## Exercise prompt:
From the line that contains "11月9日是第32个全国消防" down to the final line below, please repeat each line exactly and nothing more, with no pictures.

## Information provided:
Content starts
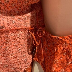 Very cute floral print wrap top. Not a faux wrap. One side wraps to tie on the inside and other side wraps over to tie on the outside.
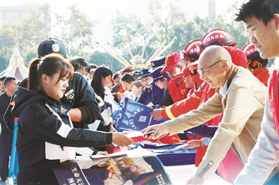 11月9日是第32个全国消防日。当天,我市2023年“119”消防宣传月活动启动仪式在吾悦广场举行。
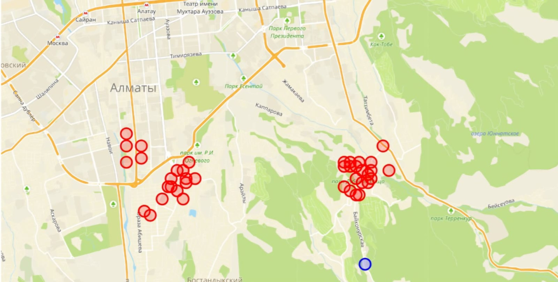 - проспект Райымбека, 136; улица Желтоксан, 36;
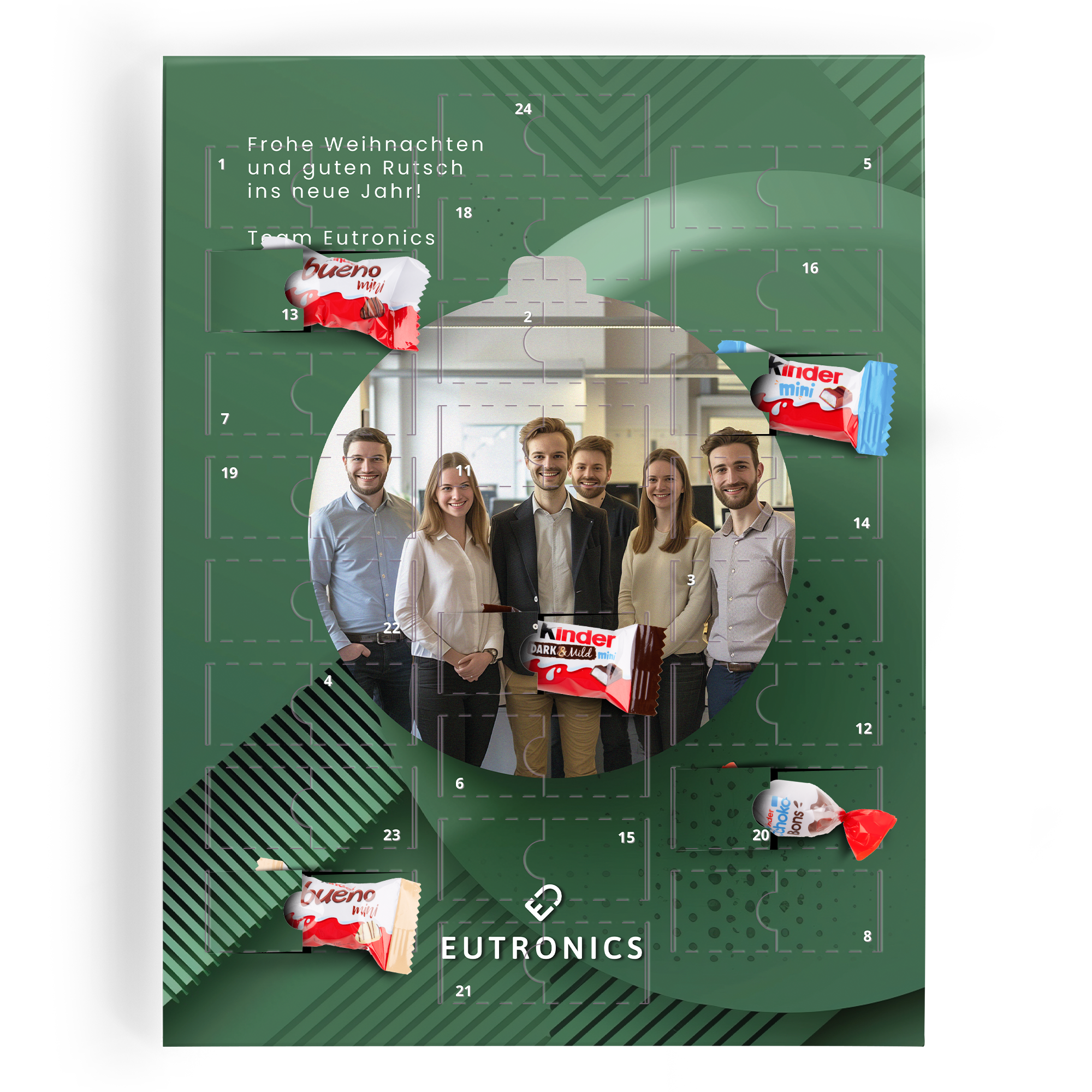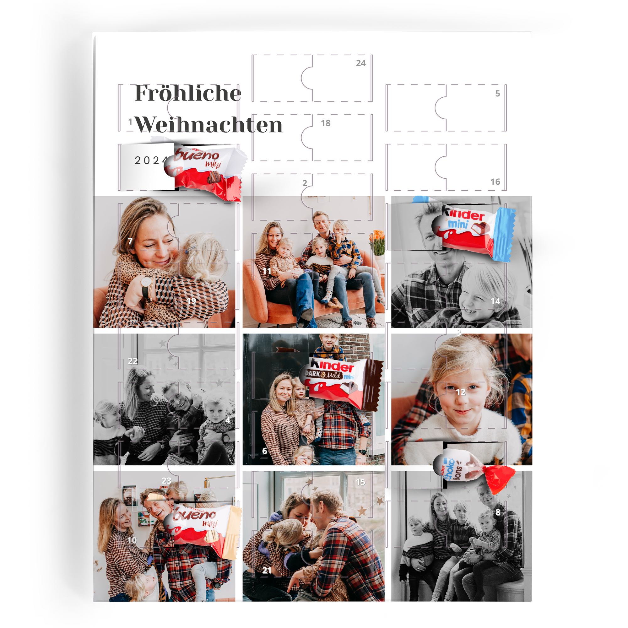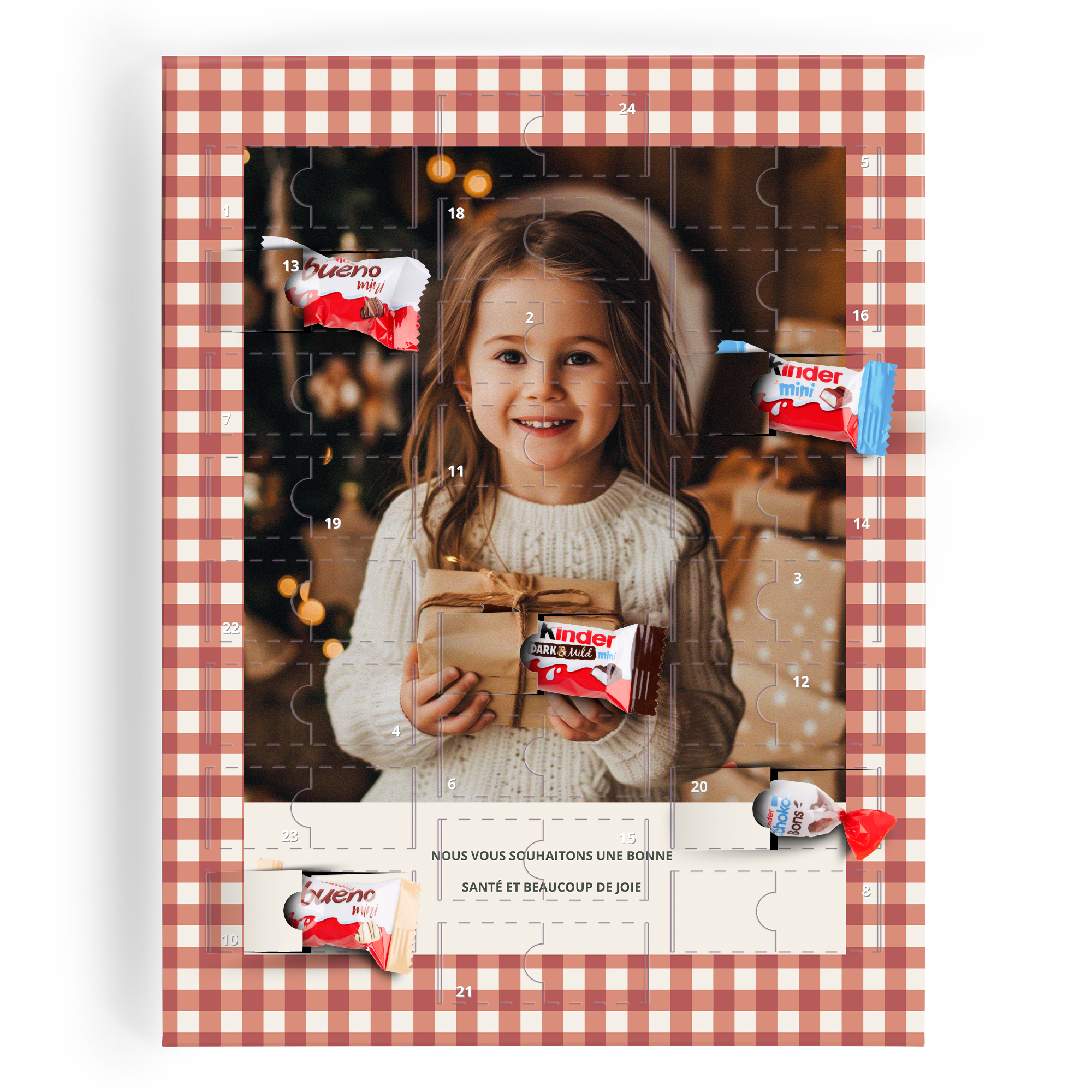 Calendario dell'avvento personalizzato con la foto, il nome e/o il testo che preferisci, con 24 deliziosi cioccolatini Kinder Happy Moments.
Content ends
## Answer area:
 11月9日是第32个全国消防日。当天,我市2023年“119”消防宣传月活动启动仪式在吾悦广场举行。
 - проспект Райымбека, 136; улица Желтоксан, 36;
 Calendario dell'avvento personalizzato con la foto, il nome e/o il testo che preferisci, con 24 deliziosi cioccolatini Kinder Happy Moments.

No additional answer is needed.